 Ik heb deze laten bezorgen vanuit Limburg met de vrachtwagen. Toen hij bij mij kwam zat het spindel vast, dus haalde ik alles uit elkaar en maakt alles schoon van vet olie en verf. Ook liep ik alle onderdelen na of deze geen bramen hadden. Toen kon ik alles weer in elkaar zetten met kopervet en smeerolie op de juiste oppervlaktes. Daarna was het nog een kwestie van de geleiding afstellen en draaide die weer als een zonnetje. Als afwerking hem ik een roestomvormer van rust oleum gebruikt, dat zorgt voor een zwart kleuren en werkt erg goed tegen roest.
---
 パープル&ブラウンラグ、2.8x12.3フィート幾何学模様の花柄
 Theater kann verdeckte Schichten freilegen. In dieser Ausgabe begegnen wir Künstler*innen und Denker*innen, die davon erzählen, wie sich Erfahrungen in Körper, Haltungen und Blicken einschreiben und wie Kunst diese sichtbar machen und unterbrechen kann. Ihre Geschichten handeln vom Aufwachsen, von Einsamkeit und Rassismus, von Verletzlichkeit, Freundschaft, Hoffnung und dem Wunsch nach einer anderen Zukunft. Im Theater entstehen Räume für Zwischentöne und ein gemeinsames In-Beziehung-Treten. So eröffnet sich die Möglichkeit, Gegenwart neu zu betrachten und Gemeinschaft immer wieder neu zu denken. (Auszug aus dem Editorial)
==
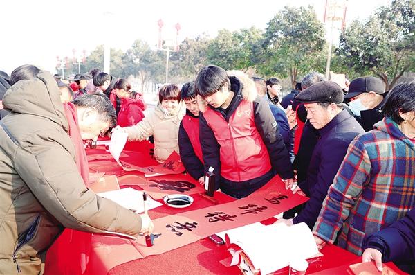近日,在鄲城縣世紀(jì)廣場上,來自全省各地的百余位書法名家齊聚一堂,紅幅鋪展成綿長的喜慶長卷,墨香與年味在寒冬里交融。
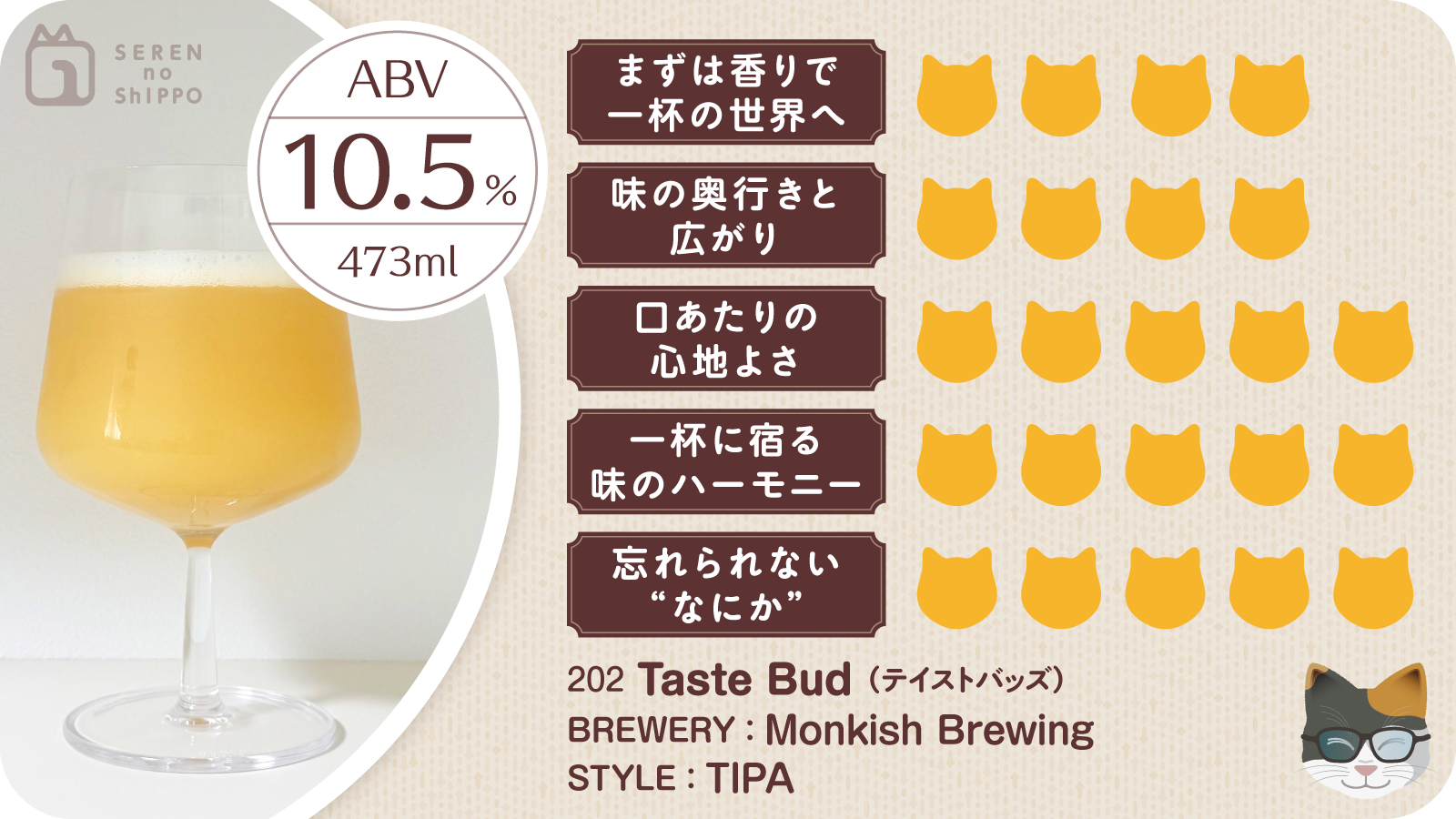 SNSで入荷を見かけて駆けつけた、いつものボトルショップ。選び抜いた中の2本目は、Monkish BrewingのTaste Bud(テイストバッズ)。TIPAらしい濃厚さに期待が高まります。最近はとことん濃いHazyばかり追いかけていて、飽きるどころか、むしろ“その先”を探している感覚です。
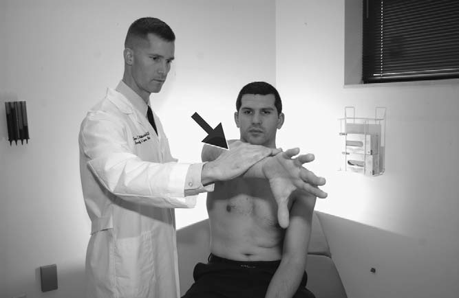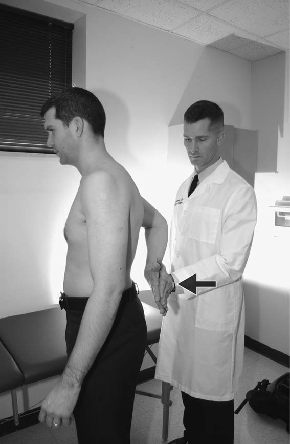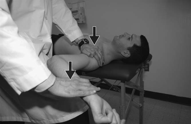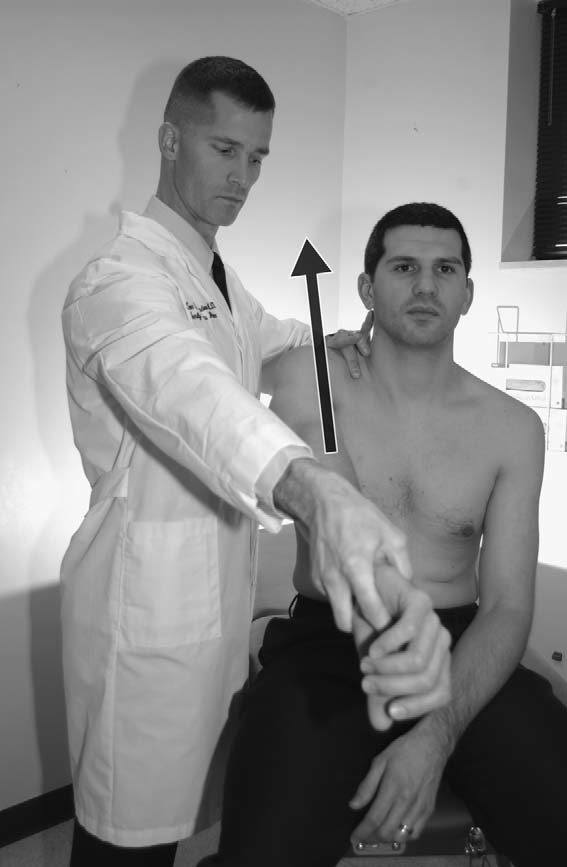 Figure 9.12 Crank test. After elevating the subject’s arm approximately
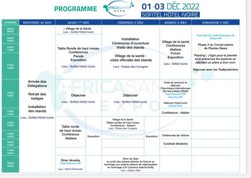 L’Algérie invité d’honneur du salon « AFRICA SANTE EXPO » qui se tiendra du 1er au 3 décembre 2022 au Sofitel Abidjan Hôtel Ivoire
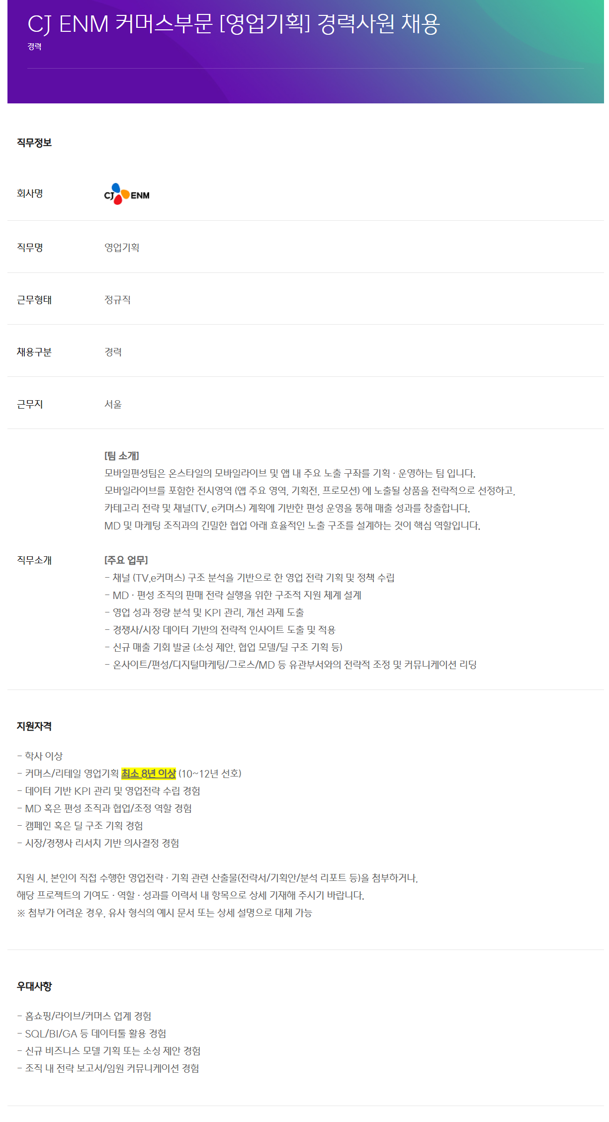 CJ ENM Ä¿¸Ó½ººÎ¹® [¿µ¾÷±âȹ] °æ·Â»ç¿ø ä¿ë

WHAT THIS TASK INVOLVES
Could you restate, word for word, the lines above from the one with "パープル&ブラウンラグ、2.8x12.3フィート幾何学模様の花柄" to the one with "Theater kann verdeckte", both included?

OUTPUT FOR THIS TASK
 パープル&ブラウンラグ、2.8x12.3フィート幾何学模様の花柄
 Theater kann verdeckte Schichten freilegen. In dieser Ausgabe begegnen wir Künstler*innen und Denker*innen, die davon erzählen, wie sich Erfahrungen in Körper, Haltungen und Blicken einschreiben und wie Kunst diese sichtbar machen und unterbrechen kann. Ihre Geschichten handeln vom Aufwachsen, von Einsamkeit und Rassismus, von Verletzlichkeit, Freundschaft, Hoffnung und dem Wunsch nach einer anderen Zukunft. Im Theater entstehen Räume für Zwischentöne und ein gemeinsames In-Beziehung-Treten. So eröffnet sich die Möglichkeit, Gegenwart neu zu betrachten und Gemeinschaft immer wieder neu zu denken. (Auszug aus dem Editorial)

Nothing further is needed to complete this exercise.